This method of timing extraction allows the large 256-bit data acquisition control module word 81 to be regenerated without use of: (1) phase locked loop type clocking schemes which are difficult to phase synchronize and require long signal acquisition capture periods, and (2) LC oscillators which are subject to temperature drift and therefore not useful for long data word packets.
The signal 56 is communicated to the preamble detector 118 which checks the signal 56 for a valid preamble 73. The preamble detector 118 is hard-wired to detect a unique bit sequence.
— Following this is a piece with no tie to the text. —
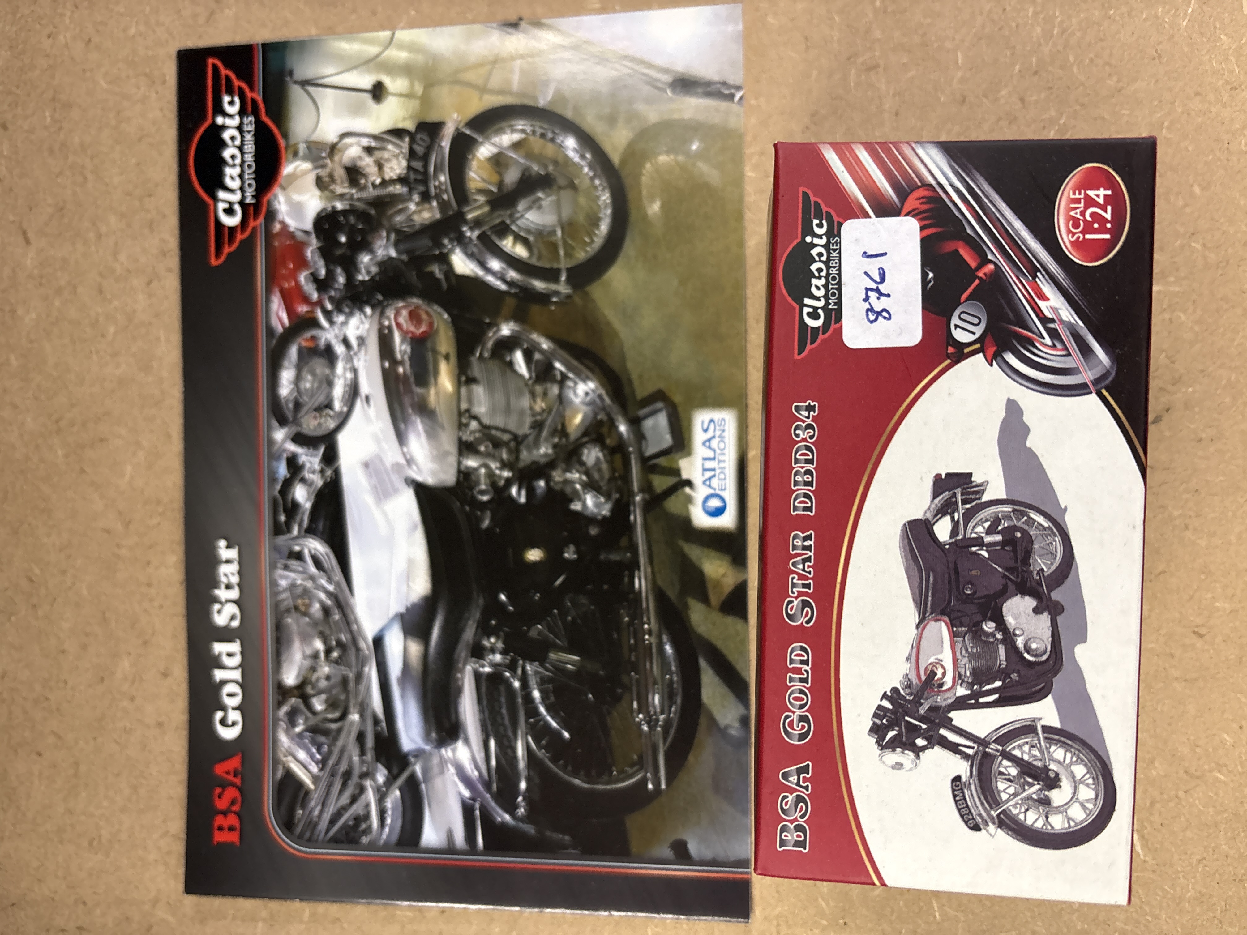 This lot features a single collector’s 1:24 scale model of the 1956 BSA Gold Star DBD34, a highlight of the Atlas Editions Classic Motorbikes series. Expertly crafted from metal, the model represents the definitive British single-cylinder machine, finished in a traditional silver and black colour scheme. The model is housed in its original decorative box, which carries a handwritten inventory reference 8761. Also included is a large-format informational brochure featuring a high-quality photograph of the motorcycle. The registration 928BMG is shown on the box art, while the brochure depicts the registration VTA 40.

If a valid preamble 73 is detected, the signal 56 passes through the serial repeater 116 to the output coupler 120.
The output coupler 120 is shown in FIG. 5 and includes a pair of output drivers 140. The output of the serial repeater 116 is connected to the input of the output drivers 140. After the control signal 56 passes through the drivers 140, it passes to an output connection circuit 142. The circuit 142 contains an output overvoltage protector 144 coupled to an output isolation transformer 146. From the transformer 146 the control signal 56 passes directly to the twisted pair transmission link 92, to the next data acquisition control module 26.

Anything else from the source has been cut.